Der Erfolg des Marvel Cinematic Universe lässt auch 20th Century Fox nicht kalt. So spekuliert man nun darüber, wie man die X-Men Filme und die Fantastic Four nach einem Reboot zu einem zusammenhängenden Filmuniversum aufbauen kann. Mark Miller soll es richten.
Der schottische Comicautor Mark Millar kennt sich mit der Materie aus. Nachdem er anfänglich für DC Comics arbeitete, wechselte er 2000 zum Konkurrenten MARVEL und arbeitete dort an vielen Serien mit: Ultimate X-Men (#1–12, 15–33), Wolverine (#20–32), Marvel Knights Spiderman (#1–12) und Ultimate Fantastic Four (#1–6; #21–32). Nun soll er als Berater bei 20th Century Fox die X-Men Reihe und den Reboot der Fantastic Four wirken.

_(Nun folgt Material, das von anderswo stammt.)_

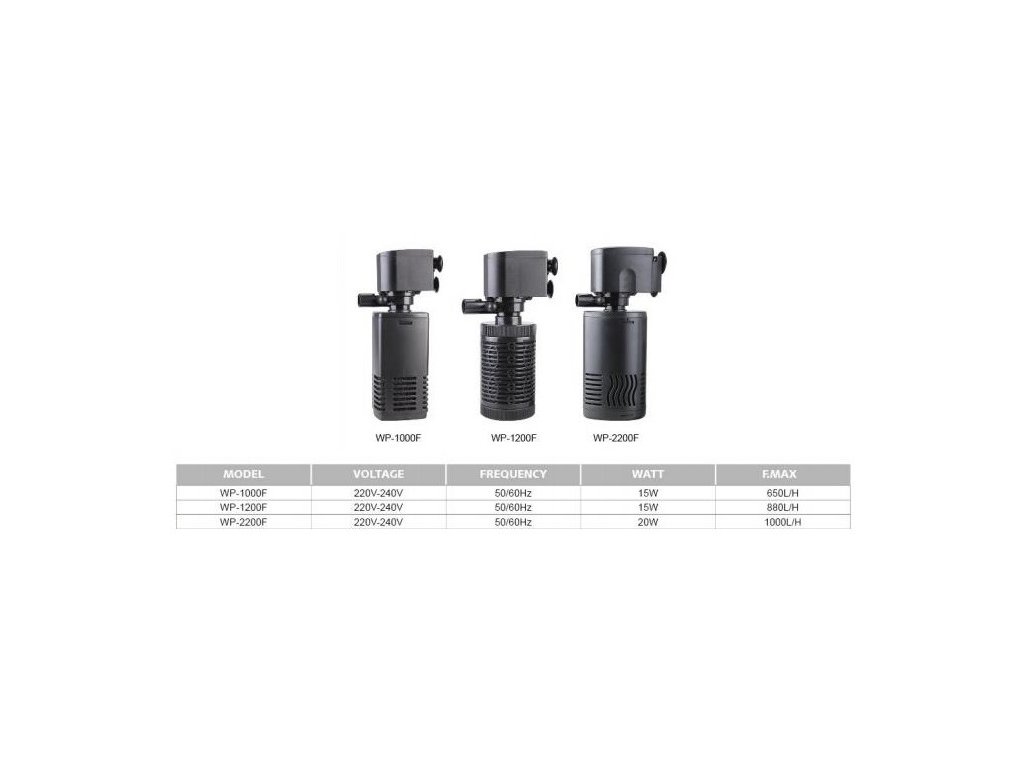 Technické parametre vnútorného filtra s motorom

Der Reboot der Fantastic Four soll 2014 geschehen und dabei sollen die beiden “alten” Filme keine Rolle mehr spielen, ebenso die Schauspieler nicht mehr. Dies wäre vor allem bei Chris Evans ein Problem. Bei den beiden “alten” Filmen spielte dieser noch die Rolle des Johnny Storm, inzwischen hat er jedoch die Seiten gewechselt und hat die Rolle des Captain America im Marvel Cinematic Universe übernommen.

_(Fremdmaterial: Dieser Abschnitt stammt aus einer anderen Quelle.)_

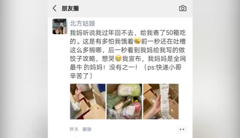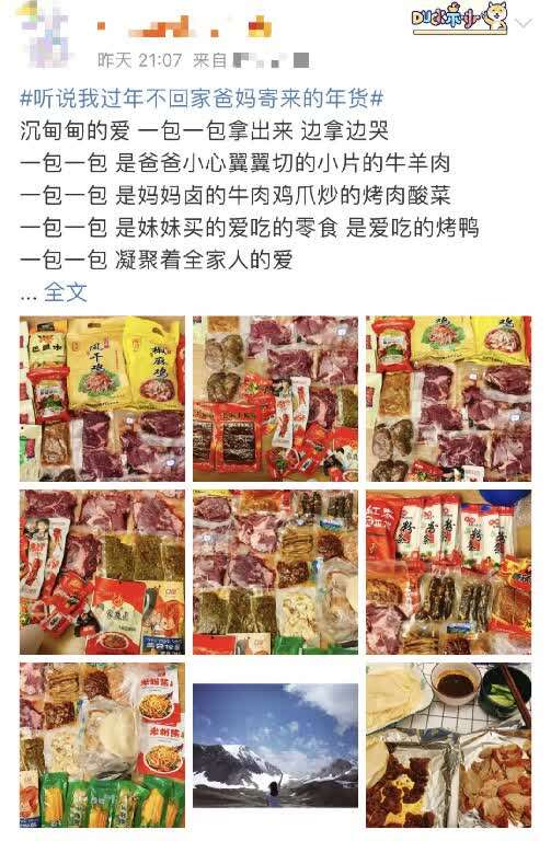 晒出了家人“千里寄年货”的照片

Auf Mark Millers Liste steht vor allem ein Wort ganz oben auf der Liste: Crossover. Von MARVEL gelernt will man die beiden Serien mittelfristig zusammenführen. Dies soll jedoch erst nach dem Reboot der Fantastic Four passieren, daher soll man nicht mit Wolverine oder einem anderen X-Men im ersten neuen Film der Fantastic Four rechnen. Ein Crossover-Film wie bei “The Avengers” ist dann aber nur noch eine Frage der Zeit.